WHAT IS EXPECTED:
Take the entries below and print, exactly, the stretch from the line containing "Product name:24in Christmas" through the line containing "The red suit", both included.

PROVIDED RECORDS:
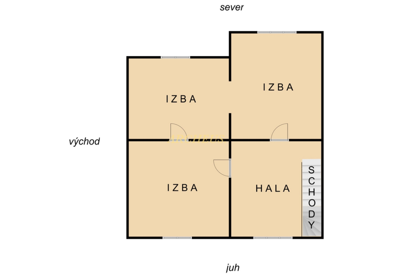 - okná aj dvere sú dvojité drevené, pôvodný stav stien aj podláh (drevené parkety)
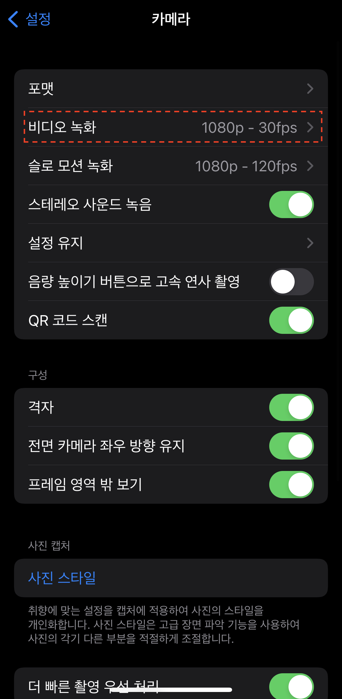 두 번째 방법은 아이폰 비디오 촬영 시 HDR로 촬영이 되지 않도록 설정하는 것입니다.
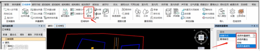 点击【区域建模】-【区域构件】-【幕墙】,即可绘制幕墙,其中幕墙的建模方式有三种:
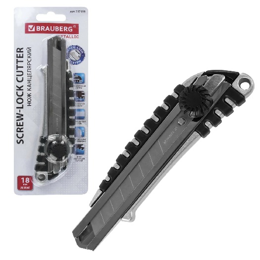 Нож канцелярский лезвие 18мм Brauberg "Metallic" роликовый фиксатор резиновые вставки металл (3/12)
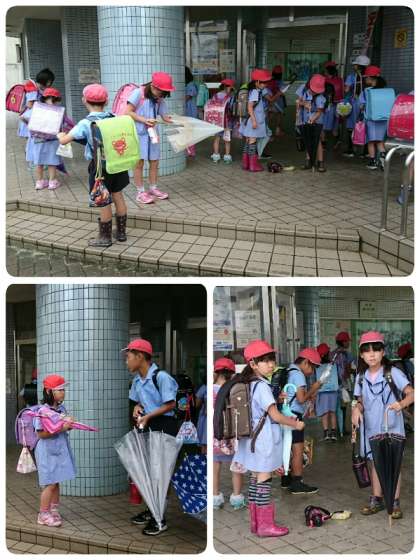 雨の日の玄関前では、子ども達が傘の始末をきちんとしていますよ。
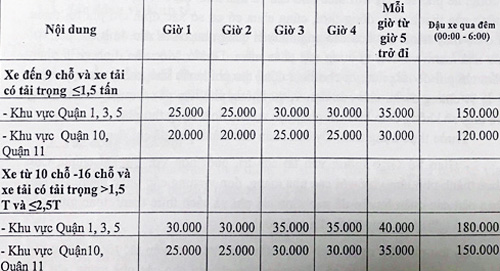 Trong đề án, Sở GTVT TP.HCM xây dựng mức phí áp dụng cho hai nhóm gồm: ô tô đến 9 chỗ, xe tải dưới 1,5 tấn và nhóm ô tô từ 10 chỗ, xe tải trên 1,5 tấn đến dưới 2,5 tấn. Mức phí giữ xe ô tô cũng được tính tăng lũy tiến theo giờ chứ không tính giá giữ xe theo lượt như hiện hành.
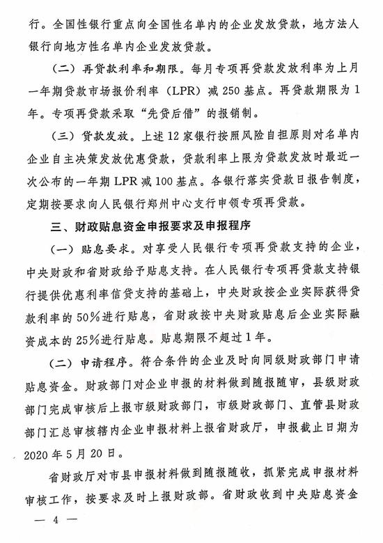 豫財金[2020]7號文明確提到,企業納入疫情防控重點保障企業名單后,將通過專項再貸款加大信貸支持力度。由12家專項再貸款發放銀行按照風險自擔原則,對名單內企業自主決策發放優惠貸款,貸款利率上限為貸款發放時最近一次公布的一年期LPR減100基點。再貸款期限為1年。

...

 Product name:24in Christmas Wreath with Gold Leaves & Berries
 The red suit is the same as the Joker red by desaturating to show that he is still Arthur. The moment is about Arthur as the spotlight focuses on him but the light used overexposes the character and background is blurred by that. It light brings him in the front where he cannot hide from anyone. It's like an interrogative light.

---

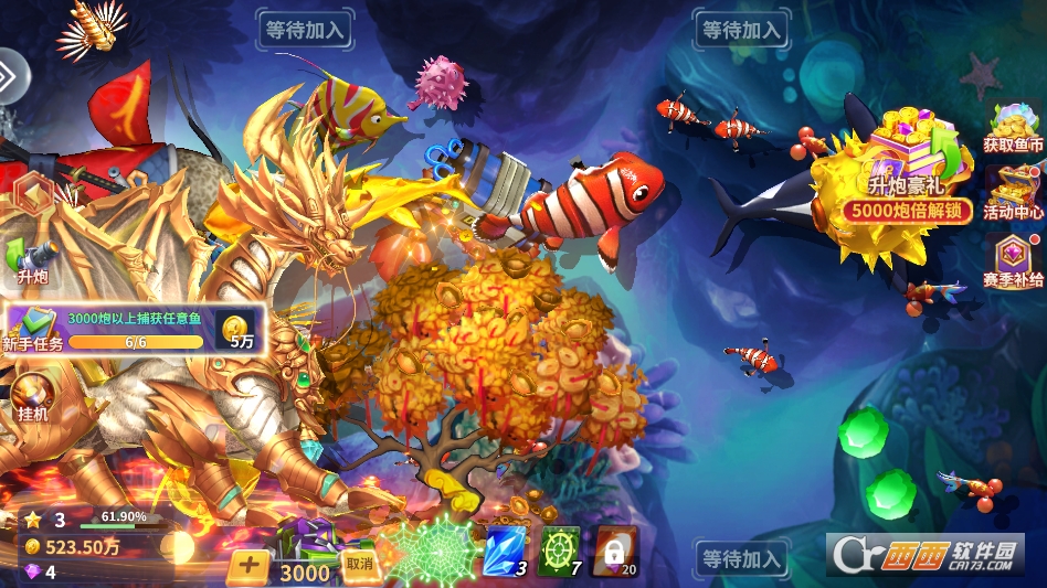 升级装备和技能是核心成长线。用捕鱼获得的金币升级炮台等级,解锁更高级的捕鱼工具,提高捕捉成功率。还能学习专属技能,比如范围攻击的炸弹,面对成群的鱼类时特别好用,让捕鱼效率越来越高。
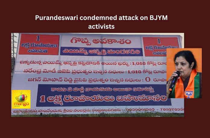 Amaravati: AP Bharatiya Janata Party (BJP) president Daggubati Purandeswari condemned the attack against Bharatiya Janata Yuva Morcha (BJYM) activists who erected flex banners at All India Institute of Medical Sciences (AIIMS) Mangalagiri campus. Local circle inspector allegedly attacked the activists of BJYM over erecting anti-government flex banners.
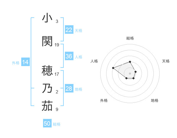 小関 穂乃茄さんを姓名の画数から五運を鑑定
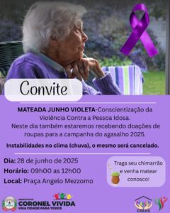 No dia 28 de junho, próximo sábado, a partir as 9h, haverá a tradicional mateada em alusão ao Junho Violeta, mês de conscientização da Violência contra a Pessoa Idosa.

RESULT FOR THIS TASK:
 Product name:24in Christmas Wreath with Gold Leaves & Berries
 The red suit is the same as the Joker red by desaturating to show that he is still Arthur. The moment is about Arthur as the spotlight focuses on him but the light used overexposes the character and background is blurred by that. It light brings him in the front where he cannot hide from anyone. It's like an interrogative light.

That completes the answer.